[Records drawn from a dataset]
>>>
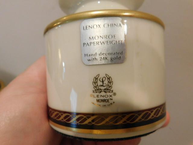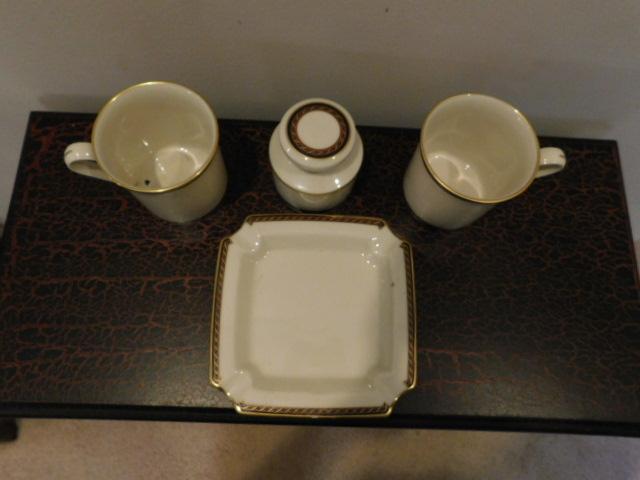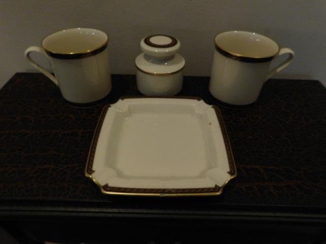 Four Piece Lenox Office Desk Decorated in 24KT Gold Set Includes Paper Weight and Ashtray
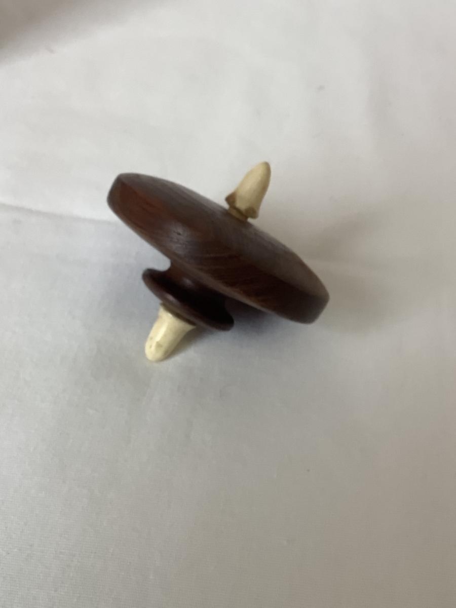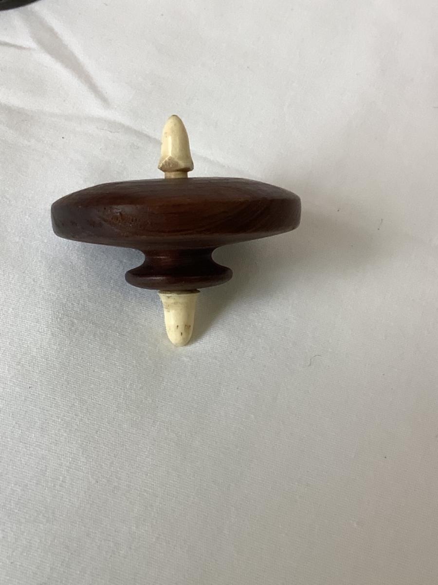 A - 361  Antique Tin Bank, Vintage Wooden Top, Vintage Bronze Colored Star Cast Metal Puzzle game
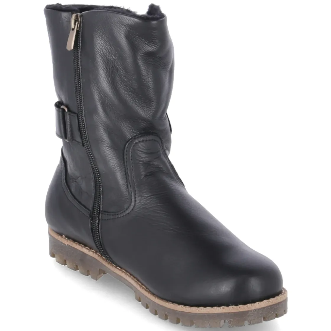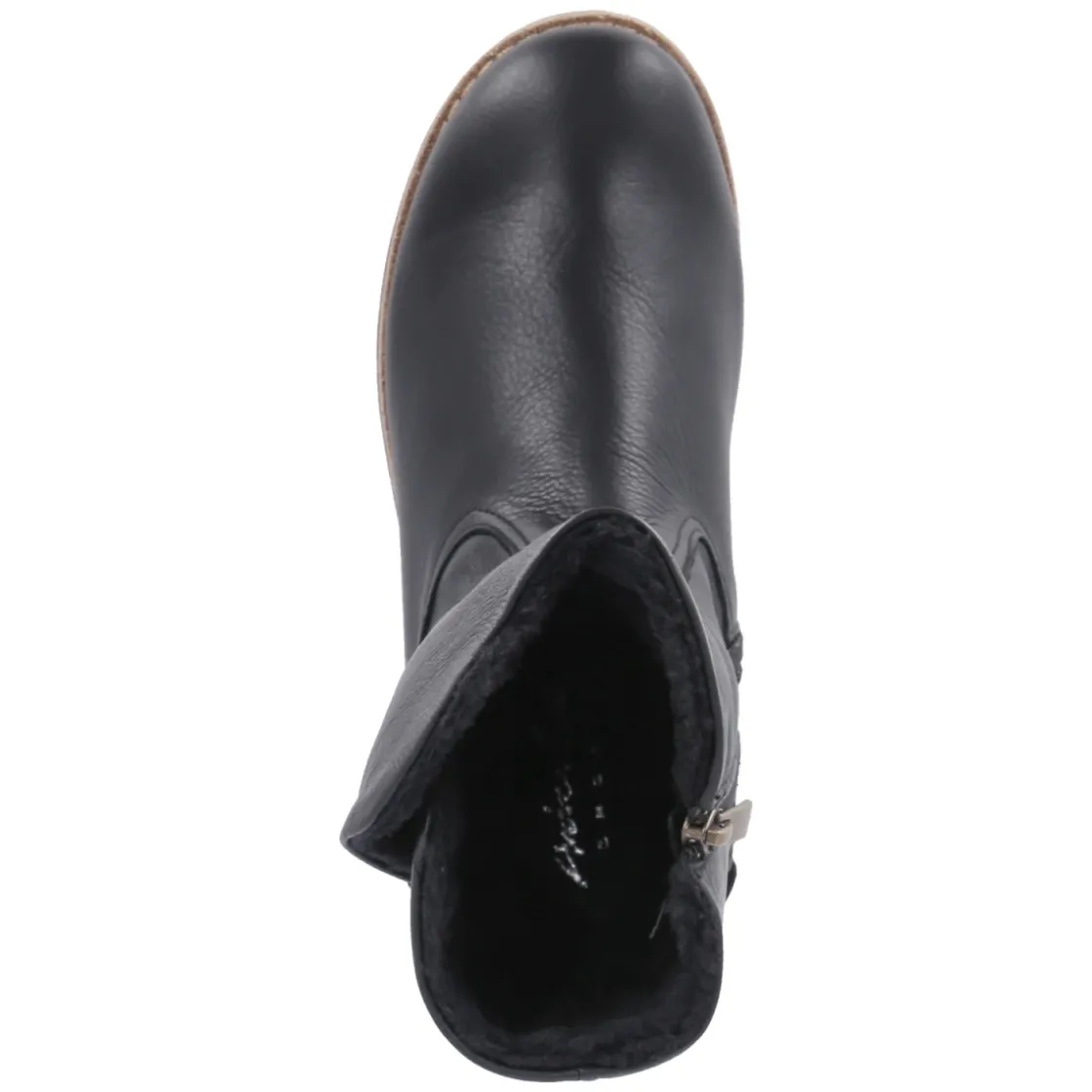 Diese Stiefeletten von Andrea Conti verbinden zeitlose Optik mit funktionalem Komfort. Weiches Glattleder und eine hautfreundliche Lederdecksohle sorgen für ein angenehmes Fußklima, das Warmfutter hält zuverlässig warm. Der praktische Reißverschluss erleichtert den Einstieg, während der Klettverschlussriemen am Schaft für zusätzlichen Halt sorgt. Ein rund zulaufender Leisten, der verstärkte Zehen- und Fersenbereich sowie die flexible, rutschhemmende Profillaufsohle bieten Stabilität im Alltag. Der 2,5 cm hohe Blockabsatz entlastet und bleibt den ganzen Tag über bequem. Das gepolsterte, herausnehmbare Wechselfußbett lässt sich bei Bedarf gegen eigene Einlagen tauschen. Dank klassischem Schwarz und feinen Ziernähten ergeben sich vielseitige Styling-Optionen, die Passform fällt normal aus. Modetipp: Zu cropped Straight-Leg-Jeans und einem wolligen Oversize-Mantel entsteht ein moderner City-Look, abends passt ein Midikleid mit blickdichter Strumpfhose.
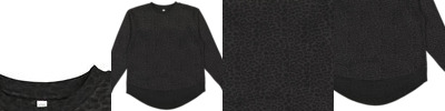 - Raw edge seam at sleeve cuffs and bottom band
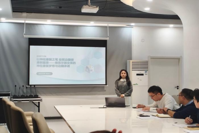 康复治疗学专业的阿依拉莱·柯迪力以《以神经康复之笔 绘就边疆健康新图景——维吾尔族女孩的神经康复梦想与边疆承诺》为主题,结合自身民族背景,提出毕业后返乡投身边疆神经康复事业,构建独具特色的神经康复诊所。
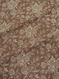 Теплый хлопок "Букеты пионов на глиняно-коричневом", ш.1.5м, хлопок-100%, 160гр/м.кв
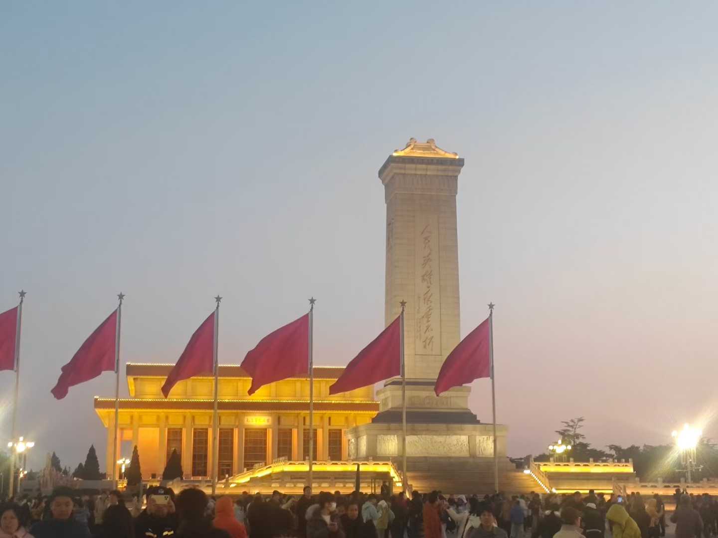 人民英雄纪念碑高大宏伟的立在天安门城楼的前方,因为人太多所以只能拍上半部分,本来想和这些建筑门合影留念的但是怕各种路人甲乙丙丁还是等白天找个人少的时间看看能不能拍照了。每次都是在电视里看到像英雄敬献花圈的直播,这次是真的直面,有一种激动油然而生。致敬先烈,人民的丰碑永存。
<<<
● **What you have to do**:
A verbatim copy of the entries, without the pictures, is what this task requires.

● **Response to the task**:
 Four Piece Lenox Office Desk Decorated in 24KT Gold Set Includes Paper Weight and Ashtray
 A - 361  Antique Tin Bank, Vintage Wooden Top, Vintage Bronze Colored Star Cast Metal Puzzle game
 Diese Stiefeletten von Andrea Conti verbinden zeitlose Optik mit funktionalem Komfort. Weiches Glattleder und eine hautfreundliche Lederdecksohle sorgen für ein angenehmes Fußklima, das Warmfutter hält zuverlässig warm. Der praktische Reißverschluss erleichtert den Einstieg, während der Klettverschlussriemen am Schaft für zusätzlichen Halt sorgt. Ein rund zulaufender Leisten, der verstärkte Zehen- und Fersenbereich sowie die flexible, rutschhemmende Profillaufsohle bieten Stabilität im Alltag. Der 2,5 cm hohe Blockabsatz entlastet und bleibt den ganzen Tag über bequem. Das gepolsterte, herausnehmbare Wechselfußbett lässt sich bei Bedarf gegen eigene Einlagen tauschen. Dank klassischem Schwarz und feinen Ziernähten ergeben sich vielseitige Styling-Optionen, die Passform fällt normal aus. Modetipp: Zu cropped Straight-Leg-Jeans und einem wolligen Oversize-Mantel entsteht ein moderner City-Look, abends passt ein Midikleid mit blickdichter Strumpfhose.
 - Raw edge seam at sleeve cuffs and bottom band
 康复治疗学专业的阿依拉莱·柯迪力以《以神经康复之笔 绘就边疆健康新图景——维吾尔族女孩的神经康复梦想与边疆承诺》为主题,结合自身民族背景,提出毕业后返乡投身边疆神经康复事业,构建独具特色的神经康复诊所。
 Теплый хлопок "Букеты пионов на глиняно-коричневом", ш.1.5м, хлопок-100%, 160гр/м.кв
 人民英雄纪念碑高大宏伟的立在天安门城楼的前方,因为人太多所以只能拍上半部分,本来想和这些建筑门合影留念的但是怕各种路人甲乙丙丁还是等白天找个人少的时间看看能不能拍照了。每次都是在电视里看到像英雄敬献花圈的直播,这次是真的直面,有一种激动油然而生。致敬先烈,人民的丰碑永存。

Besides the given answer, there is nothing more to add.